Wednesday, May 30, 2012

New Directions for the blog

New Directions for the blog. From this blog you will find some daily rants or comments I have to share with everyone. This blog will be about new technology coming out, new cell phones, old cell phones, anything helpful to the reader, a open and frank discussion can be held here. Advice on how to lower your cell phone monthly bill. How to find that deal you deserve.

Friday, September 21, 2007

Quebecor chief takes aim at Big 3 cellular networks

Sep 21, 2007 04:30 AM
Chris Sorensen
Business Reporter

The war of words between the country's three big cellphone companies and would-be competitors continued yesterday as Quebecor Inc. CEO Pierre Karl Péladeau accused the industry's incumbents of stifling competition and innovation in the key wireless sector.

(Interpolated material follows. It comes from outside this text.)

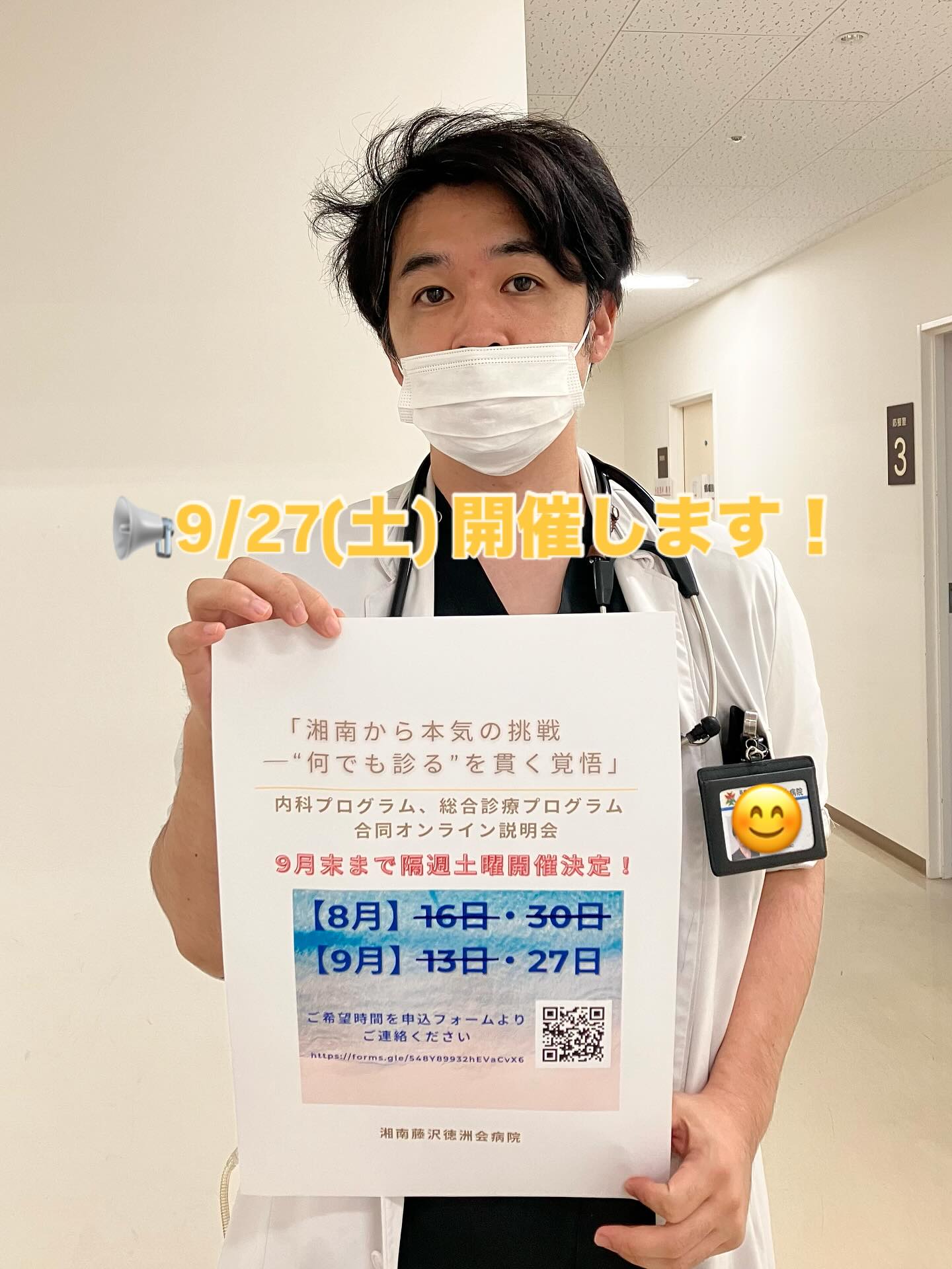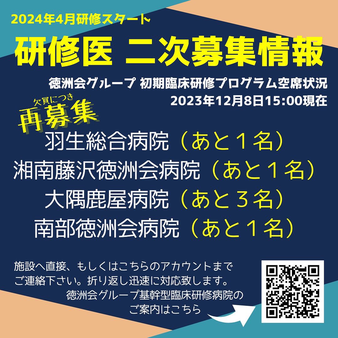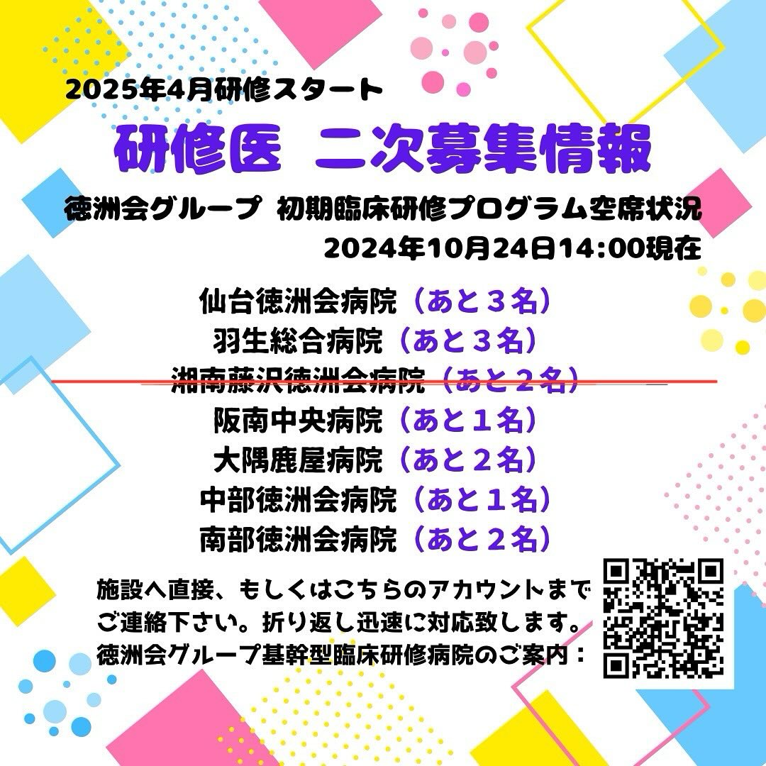 欠員が出ましたので2024年度研修医再募集します!

Péladeau, who is hoping to convince Ottawa to set aside wireless spectrum for new competitors in an upcoming federal auction, accused the industry's three major players – Rogers Communications Inc., BCE Inc. and Telus Corp. – of maintaining a "stranglehold" on wireless competition and customers' wallets.

"This stranglehold on competition leads us not only to higher prices," said Péladeau, who spoke at a luncheon in Toronto hosted by the Empire Club. "It leads to less services and less innovation. Where Canada once led the world in wireless, we now lag behind."

Montreal-based Quebecor is hoping to add a wireless network to its publishing, printing and cable TV businesses, saying it believes the future of all media is in wireless applications. Péladeau says the firm intends to build a network, possibly even on a national basis, if it is successful in securing the necessary spectrum at an upcoming auction.

Industry Minister Jim Prentice said earlier this week that the government will move ahead with its spectrum auction, but did not say what the rules for the process would be.

Quebecor and other potential wireless competitors, such as MTS Allstream Inc., want spectrum to be put aside for new entrants, arguing an open auction would allow the deep-pocketed incumbent carriers to pay vast amounts for spectrum to block others from entering the market.

Executives from all three of the incumbents were present at yesterday's event and were quick to take issue with Péladeau's comments.

"No matter how they try to slice it, they want subsidies from the federal government and their competitors to get into the business," said Ken Engelhart, vice-president of regulatory affairs for Rogers, the country's largest wireless operator.

While Engelhart acknowledged Rogers did not pay up-front for spectrum when it started in the business two decades ago, he also noted that the cable company lost "billions and billions" trying to develop what has only recently become a profitable industry. "And now they're coming along when the market is finally profitable ... and saying, `We should get subsidies to help us get into this business'?"

Wade Oosterman, president of Bell Mobility, said the company isn't opposed to more competition as long as there is a "level playing field."

Thursday, September 20, 2007

Break Bell-Telus-Rogers wireless 'stranglehold,' Quebecor CEO urges Ottawa

TORONTO - The federal government must quickly end the "stranglehold" that Canada's three big wireless telecommunications operators have, says Pierre Karl Peladeau, the president and chief executive of Quebecor Inc. (TSX:QBR.B)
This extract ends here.